• WHAT THIS TASK INVOLVES
Images should be omitted while the rest of the data is duplicated exactly.
RAW DATA START
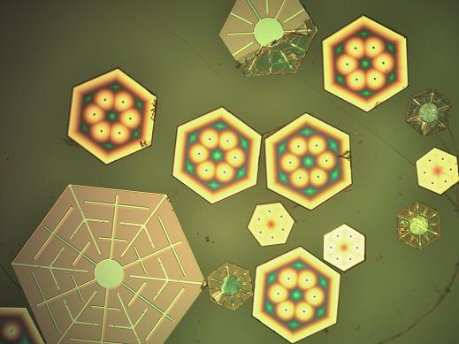 | Representative thin crystalline-silicon photovoltaic cells – these are from 14 to 20 micrometers thick and 0.25 to 1 millimeter across. (Image by Murat Okandan) |
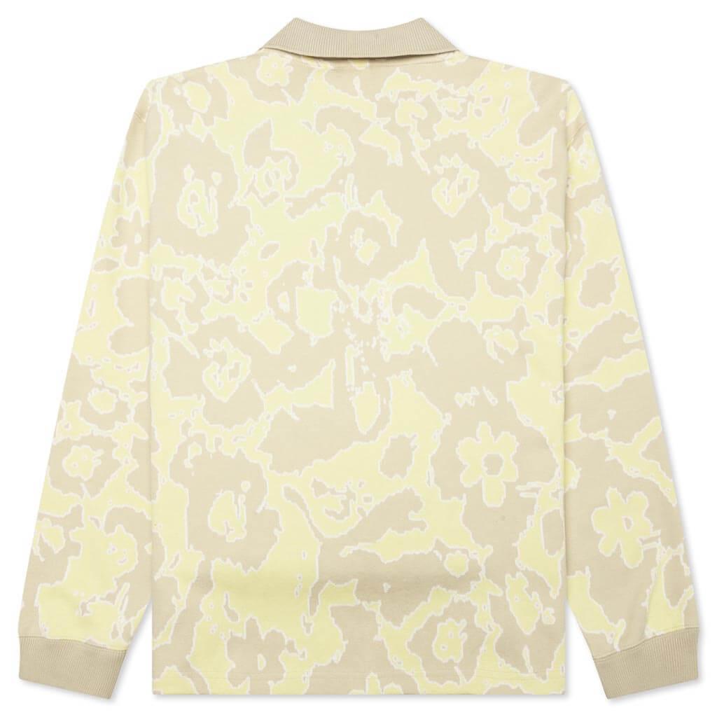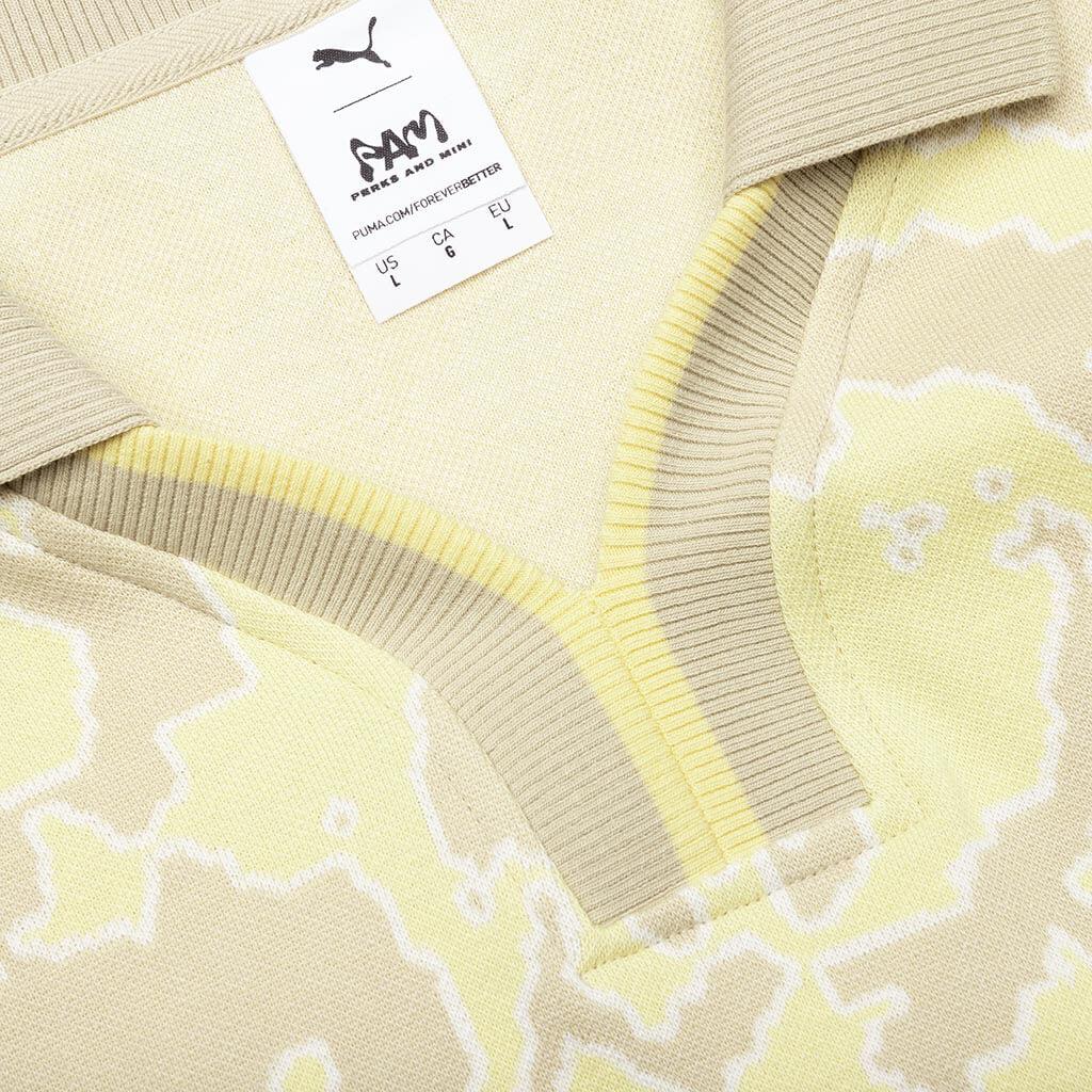 Collared rugby shirt from the latest collaboration from Puma x Perks and Mini, made with an allover print and an open collar. Long sleeves with a notched cut out front and made with cotton. 100% Cotton Ribbed cuffs Waist length Style No: 625063-90
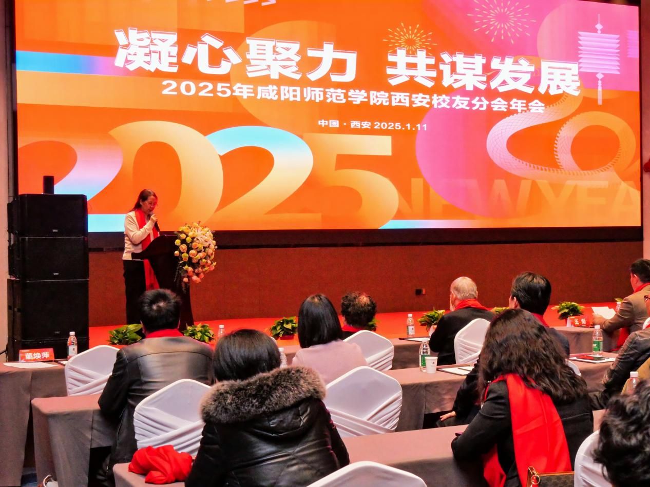 咸阳师院党委副书记周群英代表学校致辞,对各地校友会代表和西安校友们的到来表示热烈地欢迎,对西安校友会在密切联络校友、聚力校友资源服务母校发展等方面做出的贡献表示感谢;向校友们表达了新年的美好祝愿,并介绍了学校近几年发展成果与未来三步走战略规划。她强调,学校的发展离不开广大校友的支持和关注,校友是学校的宝贵财富,母校是校友的坚强后盾。期待西安校友会能够成为母校与校友之间密切联系的桥梁,今后持续加强情感联络,积极组织各类校友活动,凝聚校友力量,共同为学校和校友事业发展贡献力量。
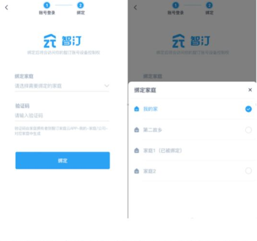 ④ 选择需要绑定智慧生活的家庭,输入验证码完成绑定。
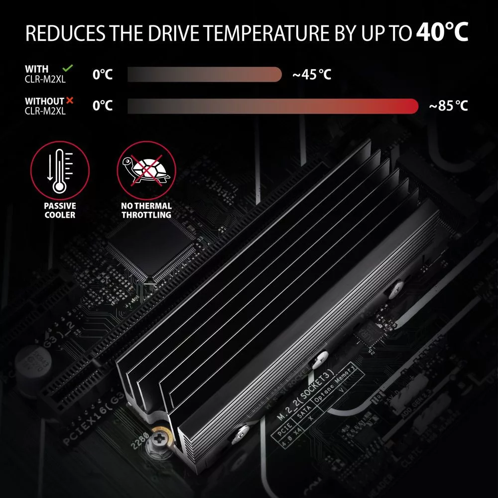 A bordázott 32 mm-es alumínium XL hűtő elősegíti az M.2 SSD lemez működése közben kialakuló hő jobb elvezetését, lehetővé téve ezzel a lemez hőmérsékletének akár 40 °C-kal való csökkentését. Ez meghosszabbítja az M.2 SSD élettartamát, és megakadályozza a lemez lelassulását, az úgynevezett "Thermal Throttling".
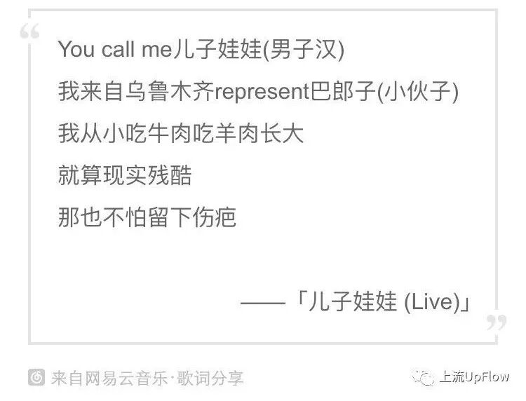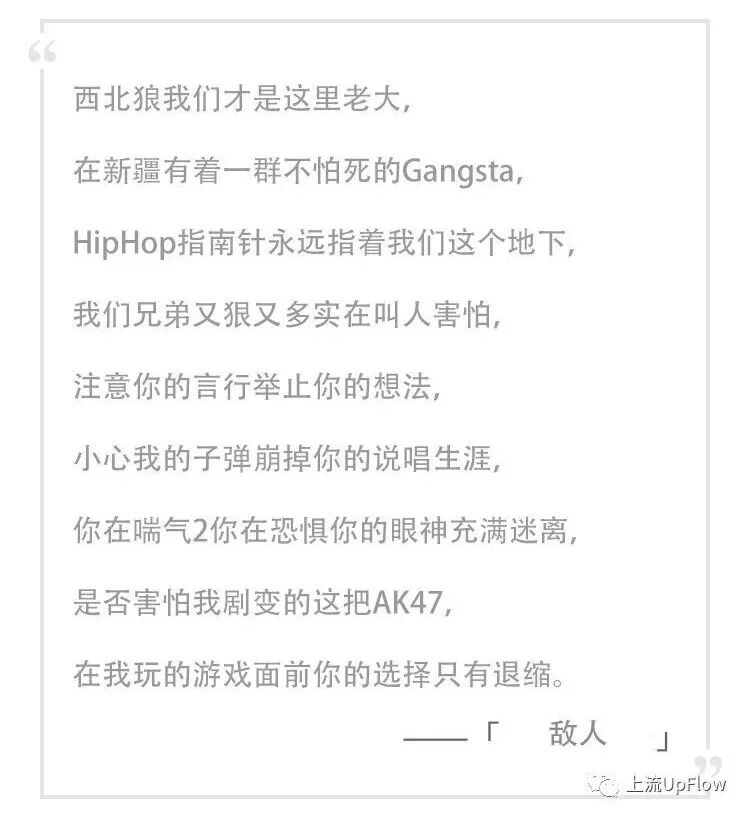 他的这个观点其实还挺有说服力的,因为说唱的起步确实是始于对西方说唱的模仿,维吾尔话跟英文听起来确实有那么一点相似……按照这个观点,新疆的rapper们就更容易接受西方说唱作品的特点并加以发挥。
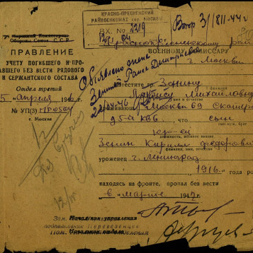 Красноармеец 1134 стр. полка, 338 стр. див. (I формир.), 33 армии, п.п.143. Пропал без вести в январе-марте 1942 года в боях под г. Вязьма (Ржевско - Вяземская наступательная операция).
RAW DATA END
• SOLUTION TO THE PROBLEM
 | Representative thin crystalline-silicon photovoltaic cells – these are from 14 to 20 micrometers thick and 0.25 to 1 millimeter across. (Image by Murat Okandan) |
 Collared rugby shirt from the latest collaboration from Puma x Perks and Mini, made with an allover print and an open collar. Long sleeves with a notched cut out front and made with cotton. 100% Cotton Ribbed cuffs Waist length Style No: 625063-90
 咸阳师院党委副书记周群英代表学校致辞,对各地校友会代表和西安校友们的到来表示热烈地欢迎,对西安校友会在密切联络校友、聚力校友资源服务母校发展等方面做出的贡献表示感谢;向校友们表达了新年的美好祝愿,并介绍了学校近几年发展成果与未来三步走战略规划。她强调,学校的发展离不开广大校友的支持和关注,校友是学校的宝贵财富,母校是校友的坚强后盾。期待西安校友会能够成为母校与校友之间密切联系的桥梁,今后持续加强情感联络,积极组织各类校友活动,凝聚校友力量,共同为学校和校友事业发展贡献力量。
 ④ 选择需要绑定智慧生活的家庭,输入验证码完成绑定。
 A bordázott 32 mm-es alumínium XL hűtő elősegíti az M.2 SSD lemez működése közben kialakuló hő jobb elvezetését, lehetővé téve ezzel a lemez hőmérsékletének akár 40 °C-kal való csökkentését. Ez meghosszabbítja az M.2 SSD élettartamát, és megakadályozza a lemez lelassulását, az úgynevezett "Thermal Throttling".
 他的这个观点其实还挺有说服力的,因为说唱的起步确实是始于对西方说唱的模仿,维吾尔话跟英文听起来确实有那么一点相似……按照这个观点,新疆的rapper们就更容易接受西方说唱作品的特点并加以发挥。
 Красноармеец 1134 стр. полка, 338 стр. див. (I формир.), 33 армии, п.п.143. Пропал без вести в январе-марте 1942 года в боях под г. Вязьма (Ржевско - Вяземская наступательная операция).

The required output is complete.